→ **EXERCISE GOAL**
None of the images should appear in your copy. Transcribe the data in full.
── COLLECTED DATA ──
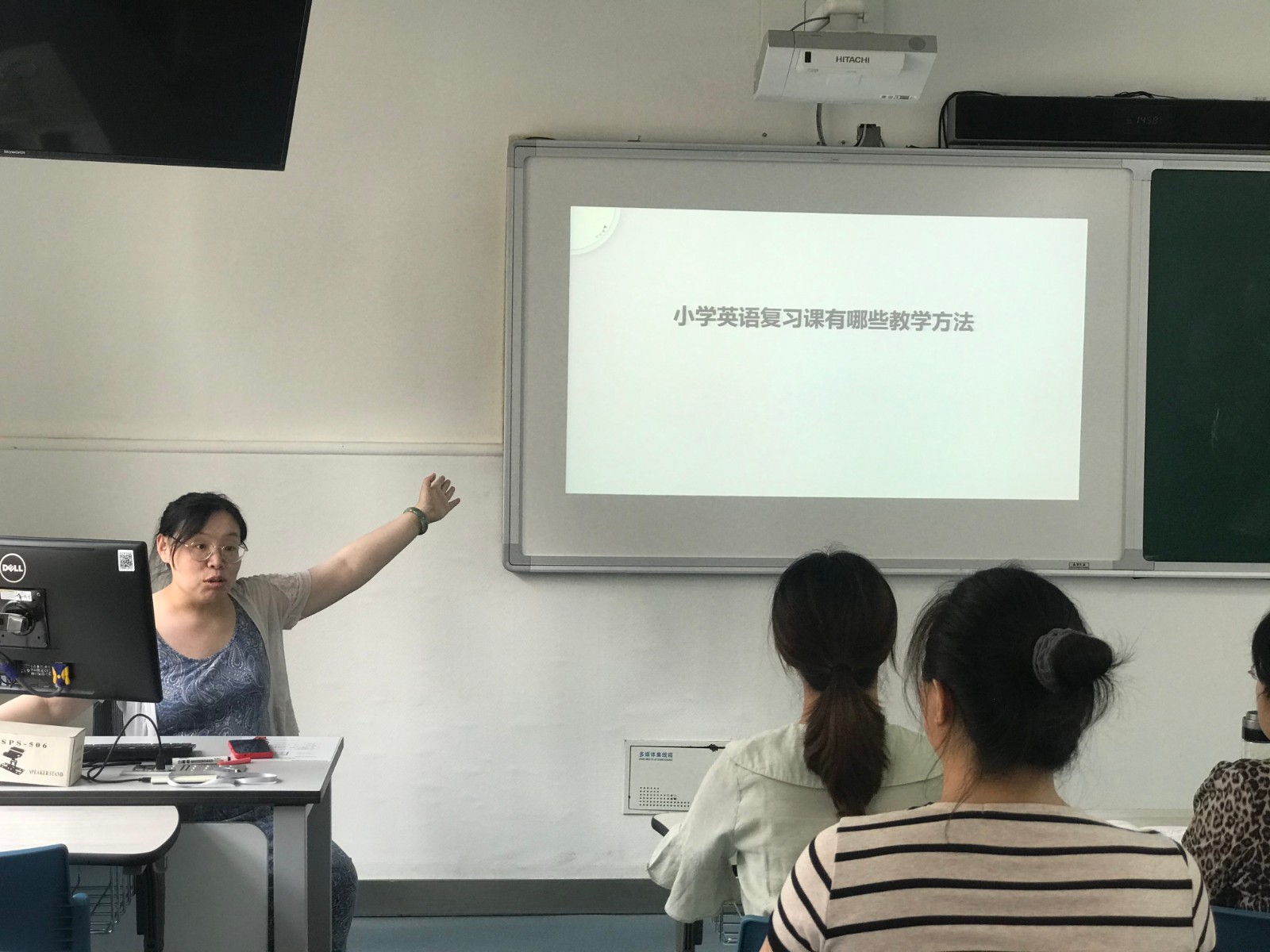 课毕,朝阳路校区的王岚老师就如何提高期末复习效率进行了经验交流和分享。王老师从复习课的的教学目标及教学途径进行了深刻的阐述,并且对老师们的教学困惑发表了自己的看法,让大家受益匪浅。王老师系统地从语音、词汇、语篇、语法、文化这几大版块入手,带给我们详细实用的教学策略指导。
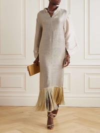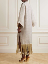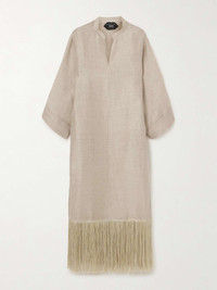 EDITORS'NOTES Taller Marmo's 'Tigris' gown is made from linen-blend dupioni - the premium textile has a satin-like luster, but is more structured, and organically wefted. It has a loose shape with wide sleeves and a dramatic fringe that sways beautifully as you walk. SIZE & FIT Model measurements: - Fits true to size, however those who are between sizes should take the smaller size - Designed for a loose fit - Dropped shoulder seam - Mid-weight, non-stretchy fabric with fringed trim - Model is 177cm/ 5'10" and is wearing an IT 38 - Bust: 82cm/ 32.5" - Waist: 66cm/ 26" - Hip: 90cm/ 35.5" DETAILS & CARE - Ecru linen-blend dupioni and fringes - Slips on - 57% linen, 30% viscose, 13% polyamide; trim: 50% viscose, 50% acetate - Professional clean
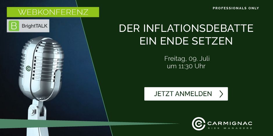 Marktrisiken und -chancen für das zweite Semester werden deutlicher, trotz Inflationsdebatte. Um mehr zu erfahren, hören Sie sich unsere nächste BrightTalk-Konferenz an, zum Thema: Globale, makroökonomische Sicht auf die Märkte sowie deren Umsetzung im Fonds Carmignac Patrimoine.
───
→ **YOUR SOLUTION**
 课毕,朝阳路校区的王岚老师就如何提高期末复习效率进行了经验交流和分享。王老师从复习课的的教学目标及教学途径进行了深刻的阐述,并且对老师们的教学困惑发表了自己的看法,让大家受益匪浅。王老师系统地从语音、词汇、语篇、语法、文化这几大版块入手,带给我们详细实用的教学策略指导。
 EDITORS'NOTES Taller Marmo's 'Tigris' gown is made from linen-blend dupioni - the premium textile has a satin-like luster, but is more structured, and organically wefted. It has a loose shape with wide sleeves and a dramatic fringe that sways beautifully as you walk. SIZE & FIT Model measurements: - Fits true to size, however those who are between sizes should take the smaller size - Designed for a loose fit - Dropped shoulder seam - Mid-weight, non-stretchy fabric with fringed trim - Model is 177cm/ 5'10" and is wearing an IT 38 - Bust: 82cm/ 32.5" - Waist: 66cm/ 26" - Hip: 90cm/ 35.5" DETAILS & CARE - Ecru linen-blend dupioni and fringes - Slips on - 57% linen, 30% viscose, 13% polyamide; trim: 50% viscose, 50% acetate - Professional clean
 Marktrisiken und -chancen für das zweite Semester werden deutlicher, trotz Inflationsdebatte. Um mehr zu erfahren, hören Sie sich unsere nächste BrightTalk-Konferenz an, zum Thema: Globale, makroökonomische Sicht auf die Märkte sowie deren Umsetzung im Fonds Carmignac Patrimoine.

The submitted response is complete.